VeriSign, whose VeriSign Secured Seal logo is displayed on over 65,000 Websites, and Cybertrust, are in the process of rolling out EV SSL. If a site is EV SSL-certified, its address shows up in green on newer browsers such as Internet Explorer 7.

But are sites with a Website seal really more secure?

Website operators say displaying these logos demonstrates that they have made a good faith effort to run a clean site, and that they are being proactive in securing their sites. "I know that by implementing [Hacker Safe], I'm still ten times more secure than without it," says Lynnette Montgomery, general manager of e-commerce for Levenger, a $75 million reading and writing tools retailer that offers its products online as well as through stores and paper catalogs. "It's more that you are covering your bases, trying to be the best you can be, honest and putting your best foot forward."

Montgomery says another attraction of the Hacker Safe seal is its potential to bring in new customers. "Most companies I spoke to [about Hacker Safe] increased their conversion rate," she says. And that provides an ROI for the security service: "If I receive a two percent increase in conversion of customers, that's almost $500,000 in additional sales," she explains.

There are over 75,000 sites with the Hacker Safe seal today, including the American Red Cross, Fidelity National Financial, General Nutrition Center's HP, Johnson & Johnson, Nike, Northrop Grumman, Petco, Sony, The World Bank, Visa, Warner Brothers, and Yahoo.

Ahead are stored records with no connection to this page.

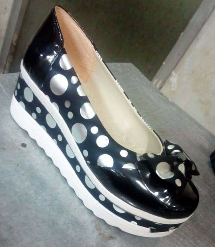 حذاء كعب عالي منقط الوان اسود نبيتي كحلي
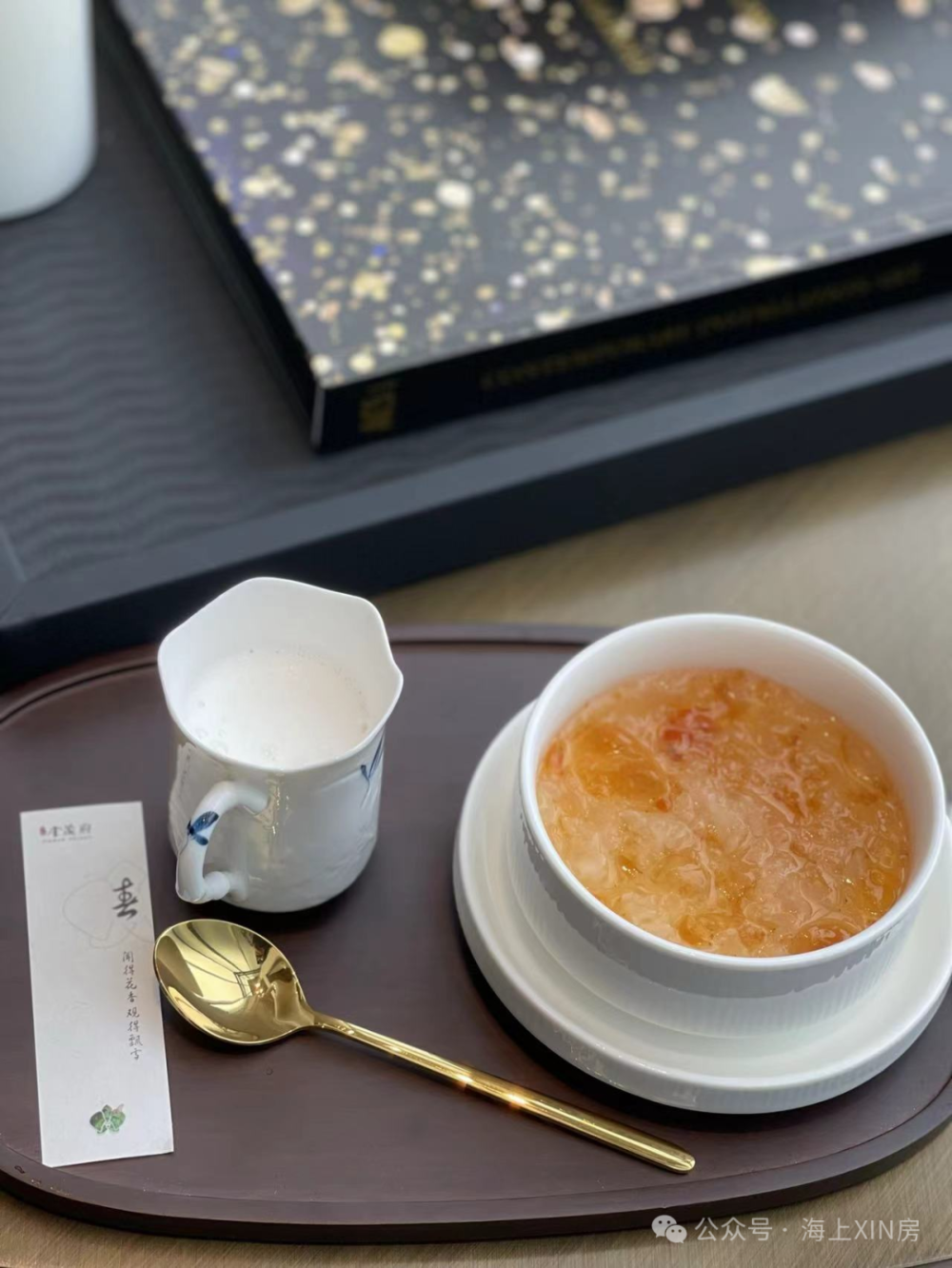 在洽谈区,服务人员会贴心咨询需要的饮品和食物,而且饮品的水准是图片里这种,而且据说每周都会持续推出定制款茶饮和下午茶,堪比五星级酒店服务。
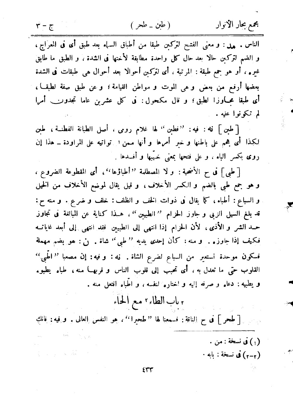 [طبي] في ح الأضحية: ولا المصطلمة "أطباؤها"، أي المقطوعة الضروع، وهو جمع طبي بالضم والكسر الأخلاف، وقيل يقال لموضع الأخلاف من الخيل والسباع: أطباء، كما يقال في ذوات الخف والظلف: خلف وضرع. ومنه ح: قد بلغ السيل الزبي وجاوز الحزام "الطبيين"، هذا كناية عن المبالغة في تجاوز حد الشر والأذى، لأن الحزام إذا انتهى إلى الطبيين فقد انتهى إلى أبعد غاياته فكيف إذا جاوزه. ومنه: كأن إحدى يديه "طبي" شاة. ن: هو بضم مهملة فسكون موحدة أستعير من السباع لضرع الشاة. نه: وفيه: إن مصعبا "أطبي" القلوب حتى ما تعدل به، أي تحبب إلى قلوب الناس وقربها منه، طباه يطبوه ويطبيه: دعاه وصرفه إليه واختاره لنفسه، واطباه افتعل منه.
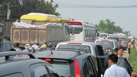 | Thi công lấm chiếm lòng đường nên ùn tắc cũng xảy ra thường xuyên. |
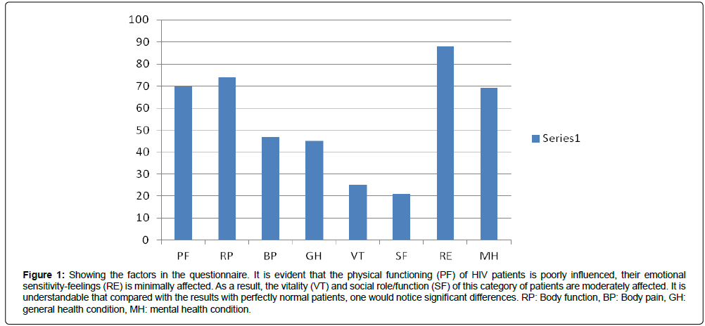 Figure 1: Showing the factors in the questionnaire. It is evident that the physical functioning (PF) of HIV patients is poorly influenced, their emotional sensitivity-feelings (RE) is minimally affected. As a result, the vitality (VT) and social role/function (SF) of this category of patients are moderately affected. It is understandable that compared with the results with perfectly normal patients, one would notice significant differences. RP: Body function, BP: Body pain, GH: general health condition, MH: mental health condition.
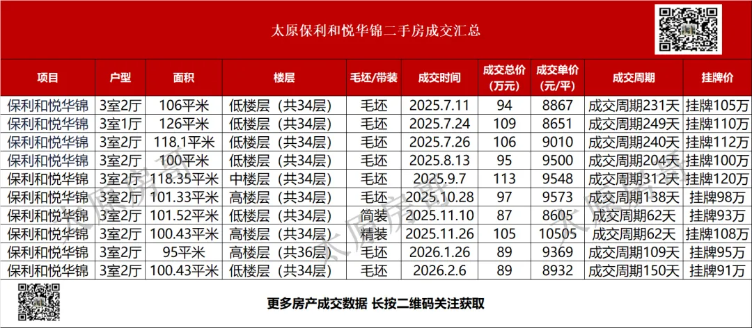 保利和悦华锦位于太原晋源南中环与西中环交汇处西北侧,2022年11月11日开盘,均价9200元/㎡,毛坯,目前二手房成交了10套。

ScanAlert CEO and founder Ken Leonard says the ROI aspect of the Hacker Safe seal helps IT not only meet a standard of security but also appeals to an organization's marketing department. "The marketing department sees the advantage of Hacker Safe," he says.

But some security experts say a Website label is just that -- a marketing tool to make a site more "sticky," without really guaranteeing a site's security or legitimacy. ScanAlert's Hacker Safe seal, for instance, came under fire last fall when the sla.ckers.org hacker group found cross-site scripting (XSS) vulnerabilities on several Websites emblazoned with ScanAlert's Hacker Safe seal. And critics say the EV SSL seals from VeriSign and Cybertrust aren't safe from serious criminals who can also nefariously obtain these seals of approval. (See Hackers Reveal Vulnerable Websites and Two Vendors Deny XSS Flaws.).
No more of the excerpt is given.